What you are asked to do
Write exactly the lines running from the start of the material below to the line that includes "Ensemble de trois", and include no pictures.

Dataset records
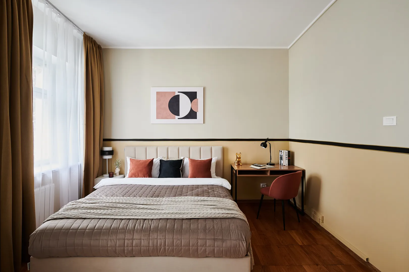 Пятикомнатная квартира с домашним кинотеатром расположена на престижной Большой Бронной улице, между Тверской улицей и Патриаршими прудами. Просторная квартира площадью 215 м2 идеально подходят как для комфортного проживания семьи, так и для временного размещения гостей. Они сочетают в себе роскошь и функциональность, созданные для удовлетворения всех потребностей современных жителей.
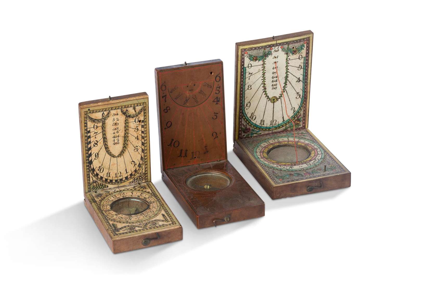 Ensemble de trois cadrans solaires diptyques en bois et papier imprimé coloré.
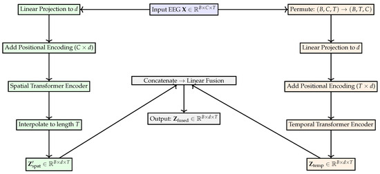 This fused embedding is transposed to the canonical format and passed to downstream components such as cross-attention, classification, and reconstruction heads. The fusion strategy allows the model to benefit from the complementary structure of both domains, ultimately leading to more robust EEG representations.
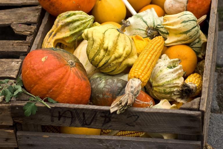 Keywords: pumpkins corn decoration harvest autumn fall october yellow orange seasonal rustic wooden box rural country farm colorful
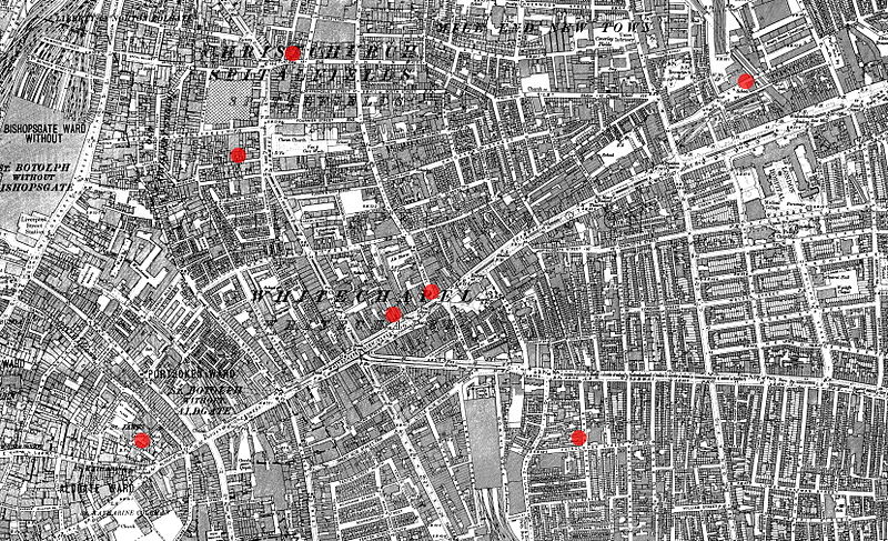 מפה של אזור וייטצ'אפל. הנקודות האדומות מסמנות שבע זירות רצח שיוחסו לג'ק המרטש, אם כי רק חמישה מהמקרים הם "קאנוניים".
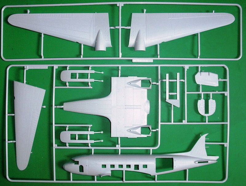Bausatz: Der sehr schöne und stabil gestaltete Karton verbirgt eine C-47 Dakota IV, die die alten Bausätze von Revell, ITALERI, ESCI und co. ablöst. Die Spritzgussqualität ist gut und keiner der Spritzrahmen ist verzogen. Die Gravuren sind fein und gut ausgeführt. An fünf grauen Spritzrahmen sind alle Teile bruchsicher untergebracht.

Finished task
 Пятикомнатная квартира с домашним кинотеатром расположена на престижной Большой Бронной улице, между Тверской улицей и Патриаршими прудами. Просторная квартира площадью 215 м2 идеально подходят как для комфортного проживания семьи, так и для временного размещения гостей. Они сочетают в себе роскошь и функциональность, созданные для удовлетворения всех потребностей современных жителей.
 Ensemble de trois cadrans solaires diptyques en bois et papier imprimé coloré.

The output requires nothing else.